19 Juin 2017 , Rédigé par Authentiqua Publié dans #Histoires insolites mais vraies

 

 

Il y a  trois ans,  la belle Stéphanie, 34 ans, hôtesse de l’air, s'est faite opérer de l’intestin. Un défaut de surveillance post-opératoire va bouleverser sa vie, une véritable tragédie.

Sa maladie de Crohn (maladie inflammatoire chronique intestinale) a été diagnostiquée lorsqu'elle avait 20 ans. Il s’agissait d’une forme légère, avec une grosse poussée tous les deux ou trois ans. Stéphanie pouvait  travailler et manger normalement également, elle n'était pas malade, ni handicapée par sa maladie, elle vivait relativement bien avec sa maladie même si sa maladie exigeait un suivi régulier par un spécialiste.
En janvier 2008,  après un déménagement, Stéphanie a dû changer de médecin , de gastroentérologue. Pour lui, elle ne souffrait que de constipation, il ne voulait rien entendre. Il  lui a prescrit des laxatifs puis, quand les douleurs ont empiré,de fortes doses de corticoïdes. Néanmoins il accepté qu'elle passe une  coloscopie qui  a montré un rétrécissement de l’intestin et il lui a recommandé de se faire opérer. "C’est bénin, et après, vous serez tranquille" . La ravissante Stéphanie avait beaucoup d'appréhension et elle a refusé l'opération dans un premier temps mais elle s'est ravisée, elle souffrait tellement qu'elle a fini par accepter l'opération tant redoutée.

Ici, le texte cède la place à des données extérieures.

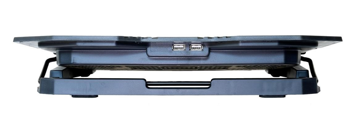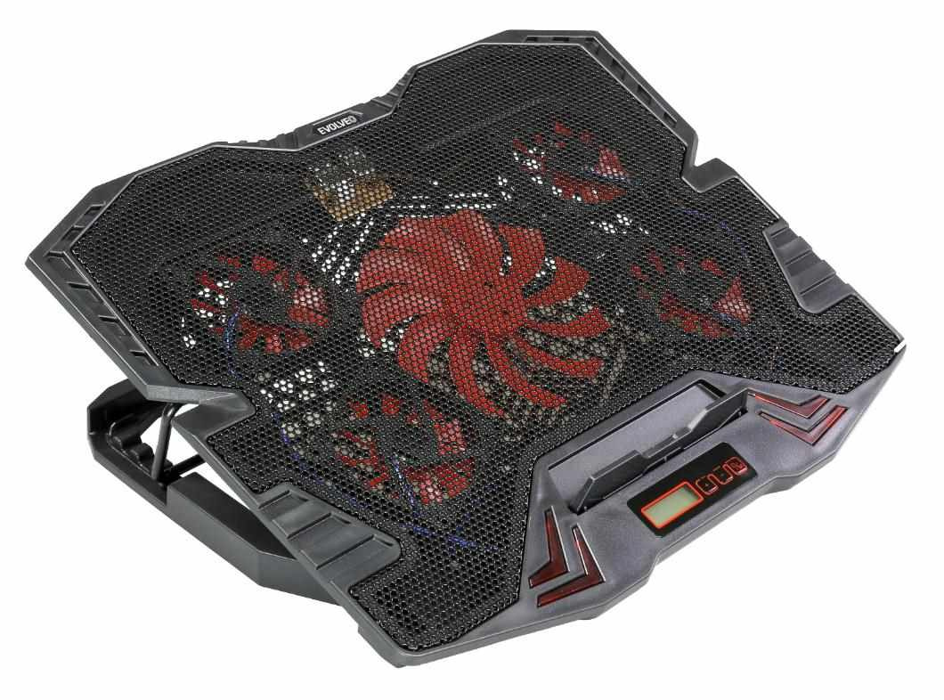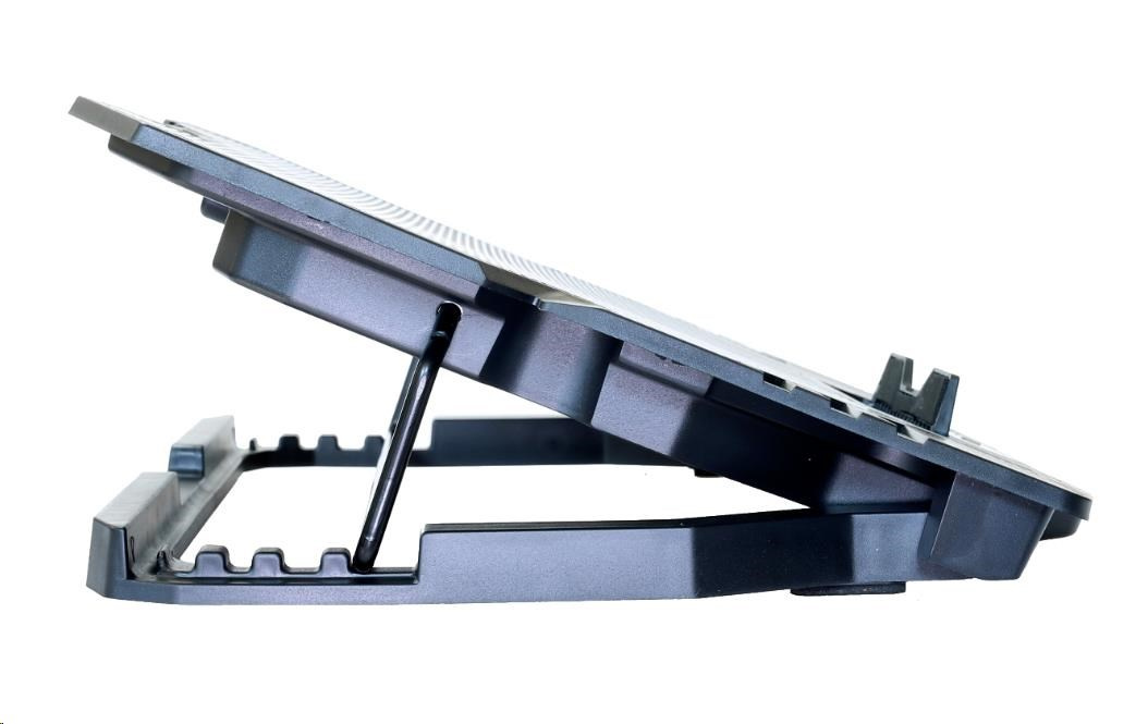 Herný nastaviteľný chladiaci stojan pre notebooky do veľkosti 15.6". 1x 120 mm a 4x 60 mm ventilátor. 2x USB 2.0. Regulácia otáčok ventilátora, displej.
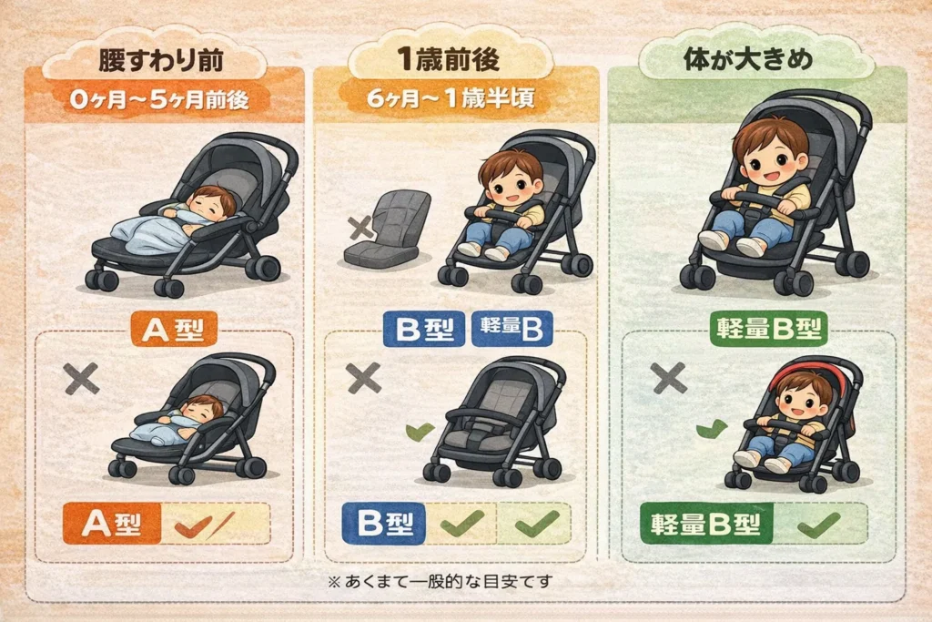 B型は基本的に、おすわりが安定してからが前提になりやすいです。
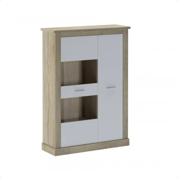 Vitrina baja con dos puertas donde se combina el cristal y partes opacas. Su llamativo color cambria-blanco no pasará desapercibido. Producto perfecto para combinar con el los muebles del resto de la serie para componer la composición ideal que busca. Se sirve en KIT.
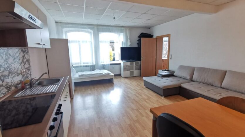 Es stehen dem Mieter ein Wohn-/Schlafzimmer, ein Bad sowie eine Küche mit allen Ober- und Unterschränken zur Verfügung.
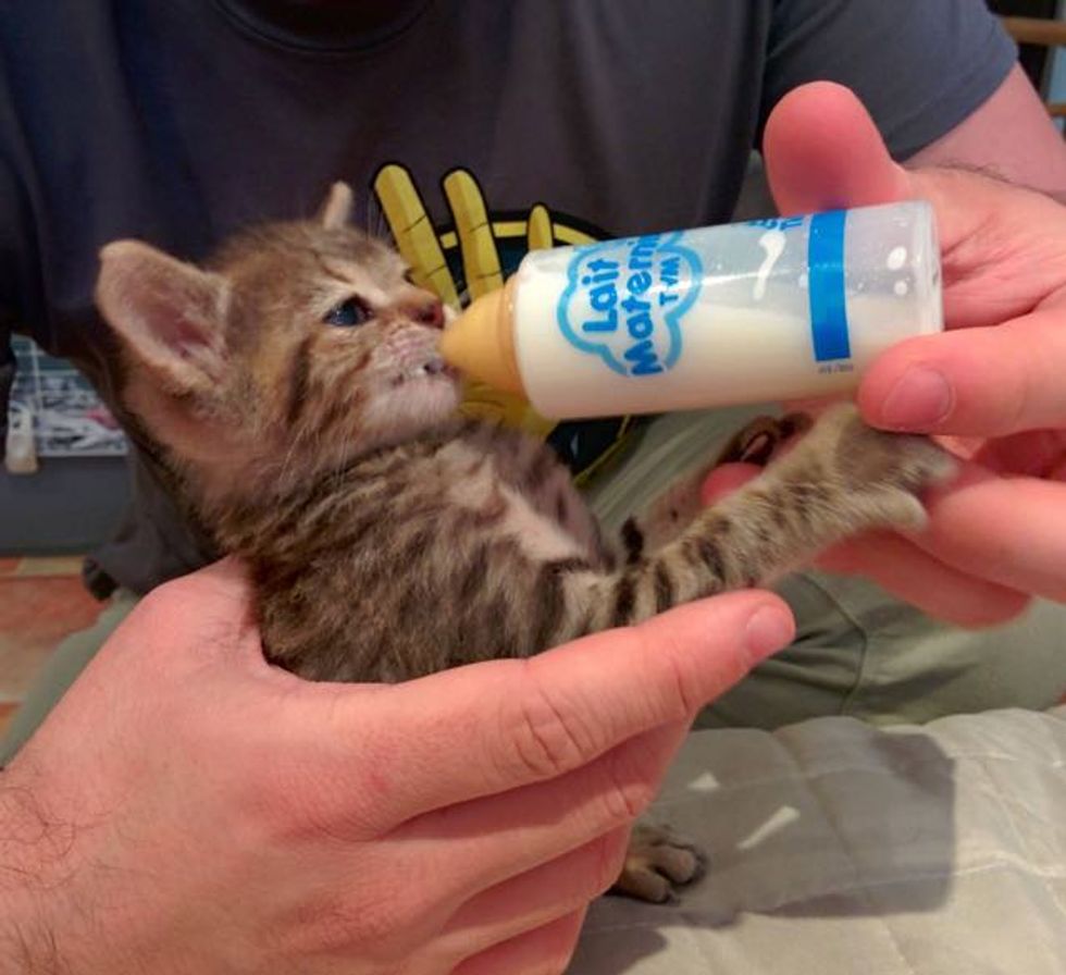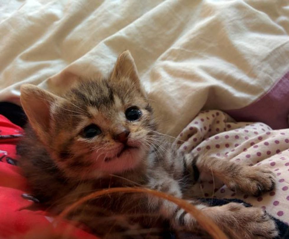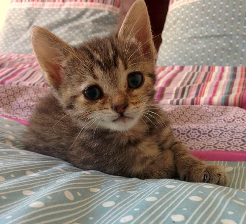 A couple found a kitten last April near their house. They waited to see if the mama cat would return for her baby, but she never did.
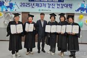 시민행정신문 강갑수 기자 | 강진군이 지난 11일 보건소 3층 대회의실에서 수강생 30명이 참석한 가운데 ‘2025년 군민자치대학 제3기 건강대학 수료식’을 개최했다. 이날 수료식은 그동안의 활동을 되돌아보는 영상 상영을 시작으로, 보건소장 인사말씀, 수강생 소감 발표, 우수 수강생 시상, 수료증 수여, 기념촬영 순으로 진행됐다. 우수 수강생으로는 3명이 선발됐으며 1년간 의미있는 변화를 이룬 수강생에게 건강체질 개선상, 근육성장상, 건강변화상의 상을 수여했다. 건강대학은 군민의 자가건강관리 능력 향상과 건강생활 실천 문화 확산을 목표로 2023년 처음 개설돼 올해로 3기째를 맞이했다. 2025년 교육은 지난 3월부터 11월까지 총 20회에 걸쳐 ▲파크골프 ▲라인댄스 ▲응급처치교육 ▲영양교육 등 이론과 실습을 병행한 체험형 프로그램으로 운영됐다. 한준호 강진군보건소장은 “지난 2학기 동안 열정적으로 참여해주신 모든 수강생 여러분께 감사드린다”며 “건강대학에서 배운 내용을 생활 속에서 꾸준히 실천해 가족과 이웃의 건강까지 지켜주는 건강리더로 활약해주시길 바란다”고 말했다. 수

Elle a été opérée fin juillet. Deux jours après, elle avait mal. Plus les jours passaient, plus elle souffrait. Ceci était anormal et alarmant ! Sa sortie de la clinique a été repoussée par le chirurgien et comme il partait en vacances, un jeune confrère a pris le relais. Elle avait beau faire part de sa souffrance, personne ne réagissait, ça n'inquiétait personne si ce n'est elle et son entourage et notamment son "ange gardien", Frédéric. Stéphanie ne dormait plus. Sa tension baissait, elle baissait beaucoup trop, elle baissait dangereusement. Son mari, Frédéric, lui a narré qu'elle n'arrivait même plus à parler correctement. Le dimanche 10 août, un scanner révélait que les sutures internes avaient lâché, elle faisait une péritonite. Stéphanie été réopérée d'urgence l’après-midi même et  elle a fait un arrêt cardiaque sur la table d’opération.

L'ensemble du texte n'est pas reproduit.